The challenge is to allocate each of the queuing jobs on a set of processors, and to schedule the execution of the job. The allocation needs to take into account the job's requirements on size and topology of processors, and scheduling needs to consider the job's expected execution time. In addition to those hard constraints, the allocation and scheduling needs to maximize the utilization of the machine, while minimizing the wait time of the jobs, and avoiding starvation of any job in the queue.

Solution

At each decision point (i.e., a point when some job is done executing and leaves the machine) we examine the current queue of waiting jobs and build the following constraint satisfaction problem: The variables are the three dimensions of the location and the start-processing time of each job in the queue; the respective domains are the three dimensions of the location of each of the processors, plus semi-continuous time units; and the constraints are geometric constraints implied by the topology required by each job, and constraints that avoid overlap between different jobs on the machine (this is where the expected execution time enters the picture). In the case where all topologies are boxes, the latter constraints are no-overlap constraints between four-dimensional boxes, or the so-called diff-4 constraint.

The main strength of this solution compared to other state-of-the-art solutions is that at each allocation time, the constraint problem examines the entire queue of waiting jobs, and decides simultaneously on both the allocation and the schedule of the set of jobs. Such a holistic view can clearly allow for better optimization, however it is too complex for regular methods to handle.

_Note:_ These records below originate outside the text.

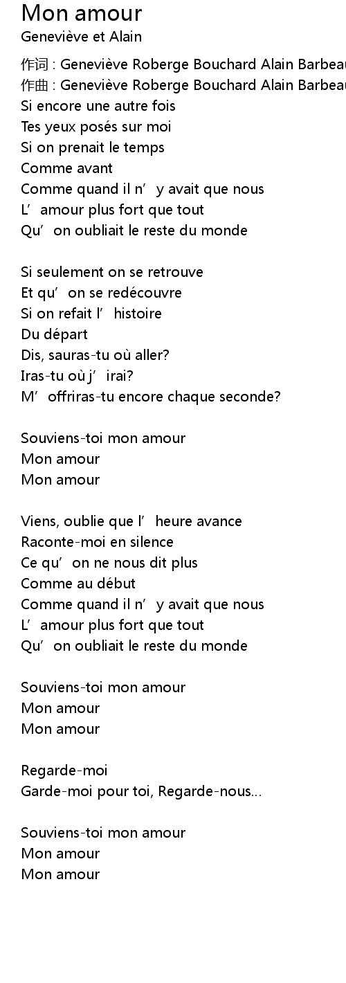 | 作词 : Geneviève Roberge Bouchard Alain Barbeau | |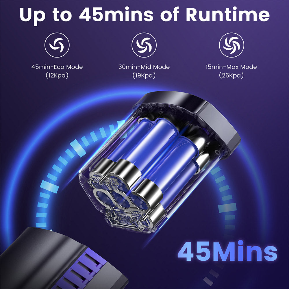 Ilgai veikianti baterija – iki 45 minučių darbo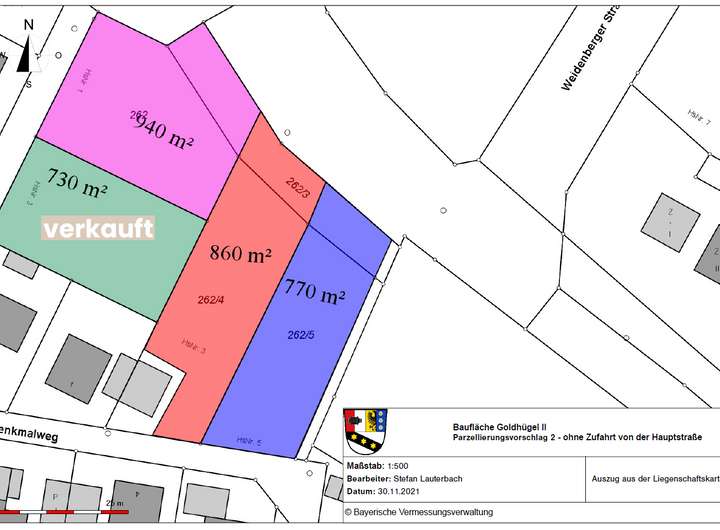 Durch Aufteilung der Flr.-Nr. 262/3 und Vereinigung mit einem entsprechenden Teil dieses Flurstücks kann die Fläche des eigentlichen Flurstücks Nr. 262 erweitert werden.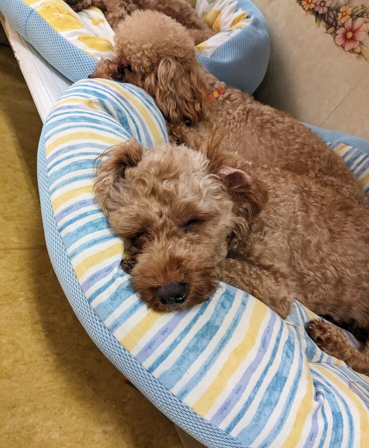 新犬のナツちゃん、ミリちゃんと仲良くおやすみ中💤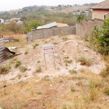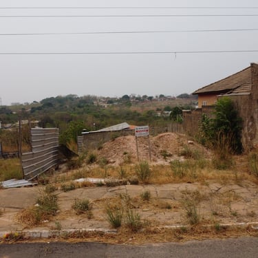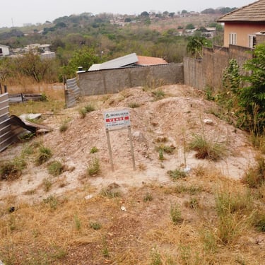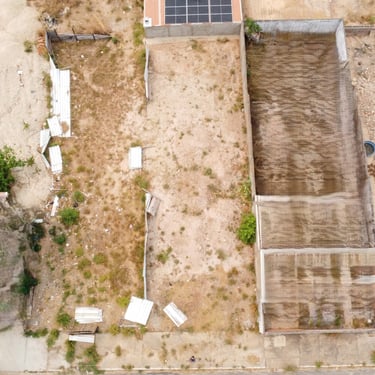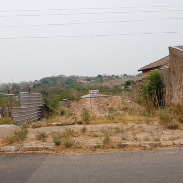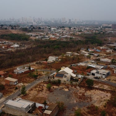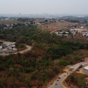 Lote em área urbana com amplo espaço aberto e vegetação esparsa.

Optimization is done by a simple branch and bound scheme, with a weighted optimization function over three optimization components: maximal utilization, minimal average wait time, and cuttoff on maximal wait time (to avoid starvation).

Achievements

The solution was never incorporated into any of the BlueGene series machines, mainly because it was developed too late for the business to catch on. However, a full fledged prototype has clearly shown the advantage of the solution compared to state-of-the-art algorithms.